Why Everyone Studying for the EPPP Should Practice Anxiety Relief Strategies
While studying for the EPPP, staying healthy is vital to your success on the exam let alone your overall wellbeing. Chronic stress and anxiety can negatively affect your health by “causing symptoms from headaches, high blood pressure, and chest pain to heart palpitations, skin rashes, and loss of sleep” per the Association of Depression and Anxiety of America (ADAA).

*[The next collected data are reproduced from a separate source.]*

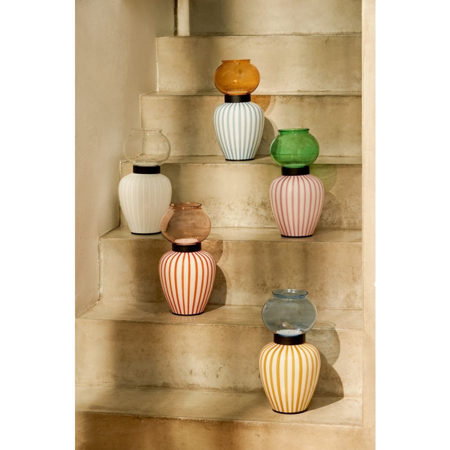 Its shape reminds the old oil lamps and nightstand lights, warm and reassuring objects that give the room an intimate atmosphere, recalling a domestic imaginary. The name Lay- la derives from the Arabic word ىليل (laylah) which means “night” and suggests a use of the lamp in the most intimate spaces: it keeps us company until the moment of sleep.
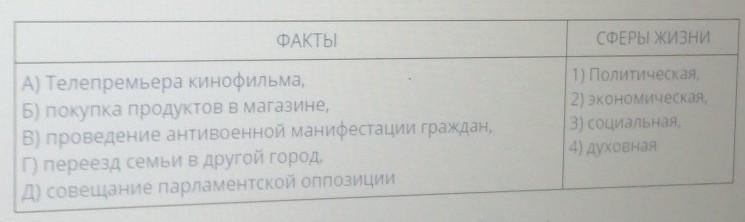 Установите соответствие между фактами и сферами общества жизни: к какому элементу, данному в первом столбце, подберите соответствующий элемент из второго столбца. Внимание!! Цифры могут повторяться или могут остаться лишними.
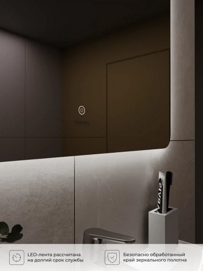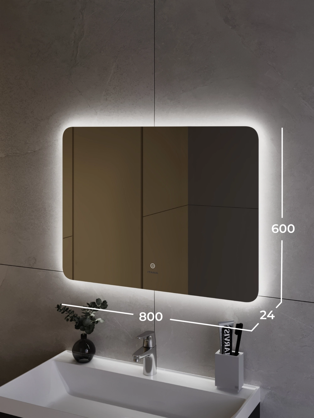 Зеркало с подсветкой Итана Oreol изготовлено из зеркального полотна толщиной 4 мм. Край зеркала в ванную обработан евро-кромкой. Настенное зеркало в ванную - современная и лаконичная по дизайну модель с удобным сенсорным управлением подсветки. При изготовлении используется светодиодная лента с плотностью диодов 120 шт./м и мощностью 9,6 Вт/м, цветовая температура 6000К (холодный свет) создающая мягкое и равномерное свечение по периметру зеркала. Подсветка рассчитана на 25 000 часов работы в непрерывном режиме. Зеркало с подсветкой может использоваться в помещениях с повышенной влажностью воздуха. В комплекте предусмотрен настенный крепеж. Для точного выбора зеркала с подсветкой в ванную комнату рекомендуем обратиться к схеме замеров, которая находится на фото в карточке товара, размеры изделия могут отличаться +/-1 см в связи со спецификой производства. Настенное зеркало с подственной для ванной доставляется в предварительно собранном виде, надежно упаковано.
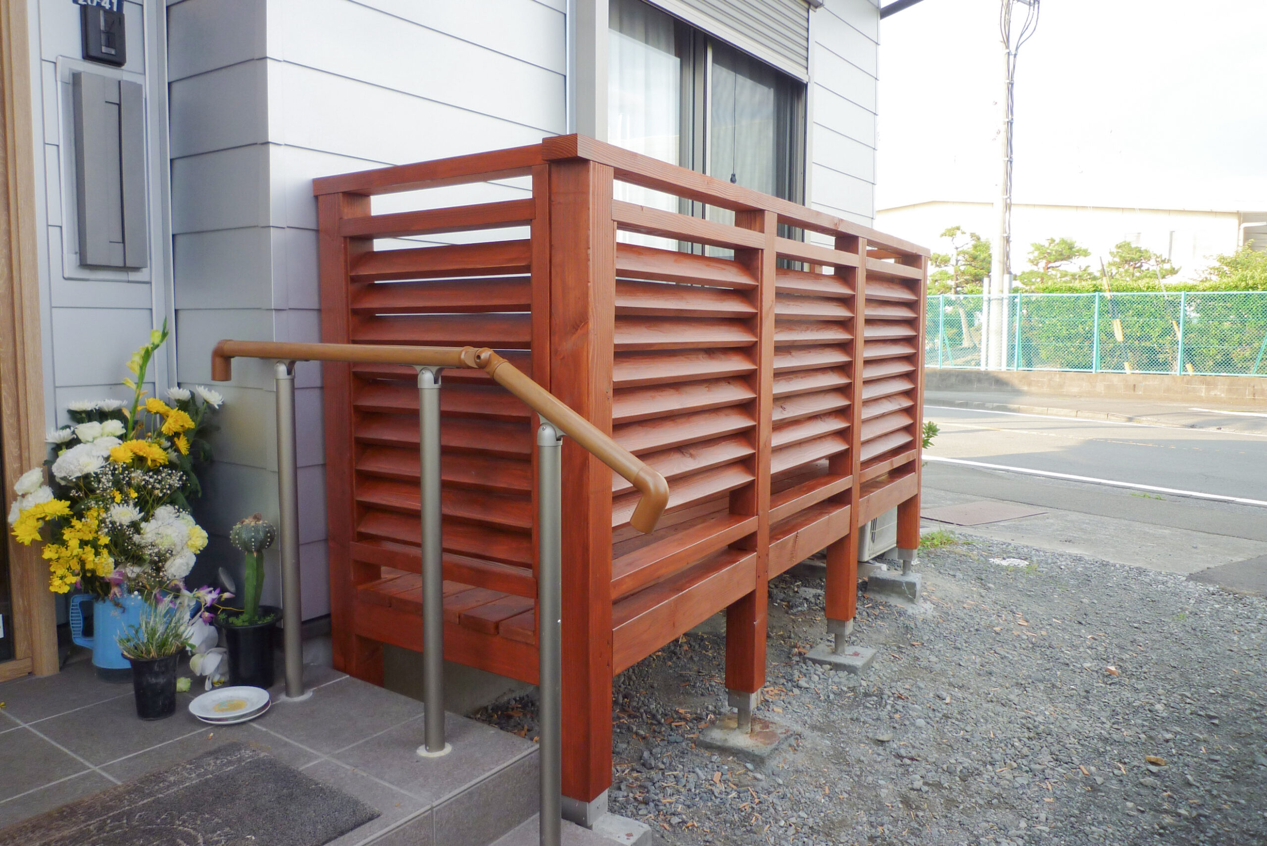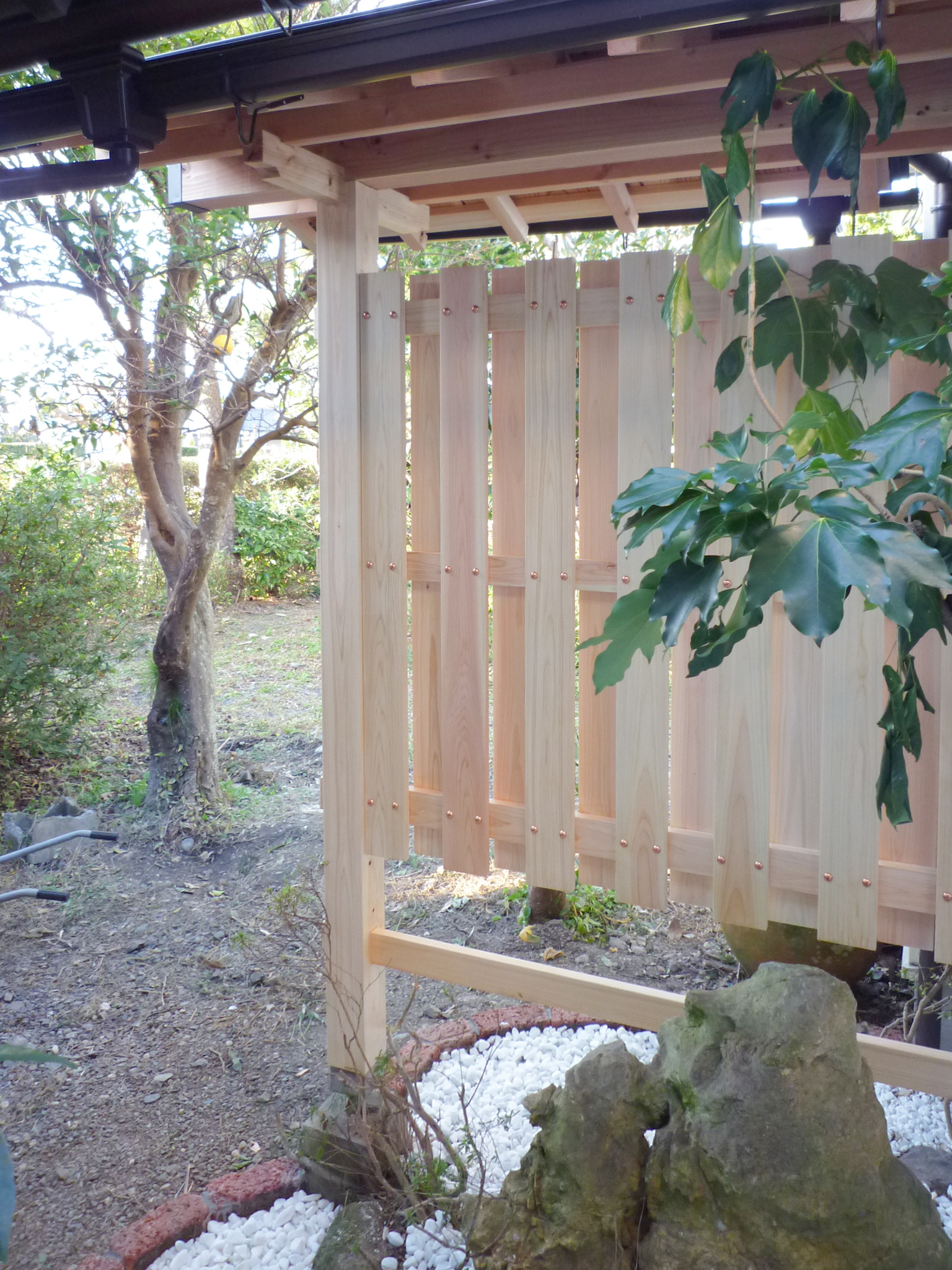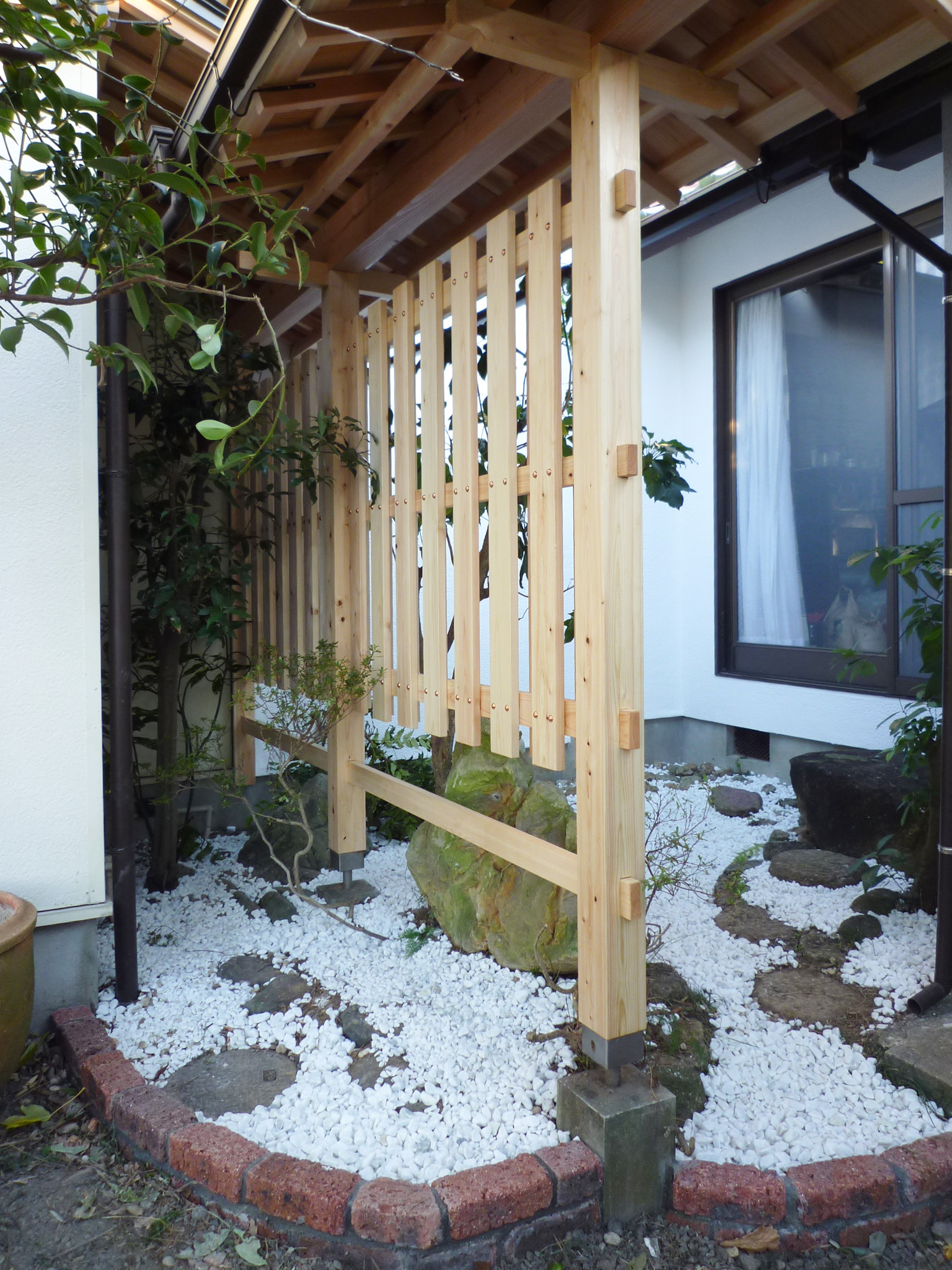 単純に壁を立てるだけでは能がありませんので、和風の建物に似合うように設計してつくらせてもらいました。

Because caffeine is on the rise, sleep quality decreases, and stress increases during EPPP prep, those preparing for the EPPP are more susceptible to anxiety even if they do not already consider themselves anxious.

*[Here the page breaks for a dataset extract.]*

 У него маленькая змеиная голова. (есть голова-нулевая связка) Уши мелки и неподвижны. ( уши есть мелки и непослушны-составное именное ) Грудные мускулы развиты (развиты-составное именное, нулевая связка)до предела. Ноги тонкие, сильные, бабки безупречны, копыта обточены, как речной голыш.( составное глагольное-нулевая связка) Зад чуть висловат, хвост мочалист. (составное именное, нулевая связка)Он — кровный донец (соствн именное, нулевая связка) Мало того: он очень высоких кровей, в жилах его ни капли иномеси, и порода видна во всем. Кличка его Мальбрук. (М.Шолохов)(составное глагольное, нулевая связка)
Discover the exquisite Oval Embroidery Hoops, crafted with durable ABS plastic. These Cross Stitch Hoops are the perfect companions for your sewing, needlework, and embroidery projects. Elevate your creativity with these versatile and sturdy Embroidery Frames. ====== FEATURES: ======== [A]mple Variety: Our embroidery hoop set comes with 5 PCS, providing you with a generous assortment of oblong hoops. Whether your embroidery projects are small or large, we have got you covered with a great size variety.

In short, anxiety is a mental health state which generally causes fear, worry, or tension. It has several triggers, per healthline.com, which are likely familiar to you if you’re studying for the EPPP.
Stress, per the ADAA, “is a response to a threat in a situation. Anxiety is a reaction to the stress.” This is one anxiety trigger you’re likely experiencing in your EPPP preparation, especially if your test date is approaching.
When preparing for an important exam, such as the EPPP, it’s common to drink an extra cup of coffee or two for those early morning and late night study sessions. While caffeine is okay in moderation, it can lead to anxiety.
- Skipping Meals
When you’re caught up in studying, it can be easy to pack study snacks and forget the meals that keep you energized and healthy. Skipping meals can make you more susceptible to anxiety.
So, how do you know if you’re experiencing anxiety?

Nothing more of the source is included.